As can be seen, there are several similarities between Flux and PyTorch. The dissimilarities are design choices that Flux has made in order to be generic across the Julia package ecosystem and make use of intelligent abstractions that the Julia Programming Language gives us access to. Further, we wish to support the scintific machine learning and differentiable programming use cases as a natural extension to the Flux design philosophy without limiting the flexiblity and performance that Julia's users have come to expect of it. Flux shares the same feature set as PyTorch but deliberately does not define some of the utilities which are better expressed as compositions of existing libraries and Base functions.

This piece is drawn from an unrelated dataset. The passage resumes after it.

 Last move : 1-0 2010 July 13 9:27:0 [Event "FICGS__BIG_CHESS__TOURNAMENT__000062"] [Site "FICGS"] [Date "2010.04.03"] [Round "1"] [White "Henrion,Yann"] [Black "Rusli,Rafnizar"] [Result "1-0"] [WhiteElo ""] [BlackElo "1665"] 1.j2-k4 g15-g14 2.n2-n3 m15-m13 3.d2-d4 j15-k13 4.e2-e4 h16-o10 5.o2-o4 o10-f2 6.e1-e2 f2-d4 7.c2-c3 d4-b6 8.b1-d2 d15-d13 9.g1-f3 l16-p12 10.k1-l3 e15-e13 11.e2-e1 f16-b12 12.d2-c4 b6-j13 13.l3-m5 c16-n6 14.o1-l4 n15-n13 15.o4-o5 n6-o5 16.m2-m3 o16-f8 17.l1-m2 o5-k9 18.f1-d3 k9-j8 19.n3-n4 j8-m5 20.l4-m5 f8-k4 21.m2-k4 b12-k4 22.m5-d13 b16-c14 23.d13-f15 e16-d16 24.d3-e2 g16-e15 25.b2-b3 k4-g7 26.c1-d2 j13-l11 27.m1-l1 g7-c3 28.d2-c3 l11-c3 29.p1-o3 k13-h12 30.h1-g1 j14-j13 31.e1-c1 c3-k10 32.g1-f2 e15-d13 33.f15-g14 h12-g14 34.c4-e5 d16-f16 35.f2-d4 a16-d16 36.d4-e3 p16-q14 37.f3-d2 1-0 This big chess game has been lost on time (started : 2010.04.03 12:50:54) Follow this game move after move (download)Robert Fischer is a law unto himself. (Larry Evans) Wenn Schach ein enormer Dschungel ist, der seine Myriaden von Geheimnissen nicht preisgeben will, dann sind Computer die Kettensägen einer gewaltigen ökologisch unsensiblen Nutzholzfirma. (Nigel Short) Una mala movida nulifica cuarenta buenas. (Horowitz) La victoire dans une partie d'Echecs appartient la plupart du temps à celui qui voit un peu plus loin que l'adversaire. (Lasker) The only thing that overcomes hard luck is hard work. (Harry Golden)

The tradeoffs made in Flux are expected to make sense for training of conventional deep learning models (including training at scale), as well as for emergent techniques in the ML landscape as more and more domain knowledge is available to Flux users. We wish to do this without requiring boilerplate code and without needing to rewrite any of the domain tooling as would have been the case otherwise.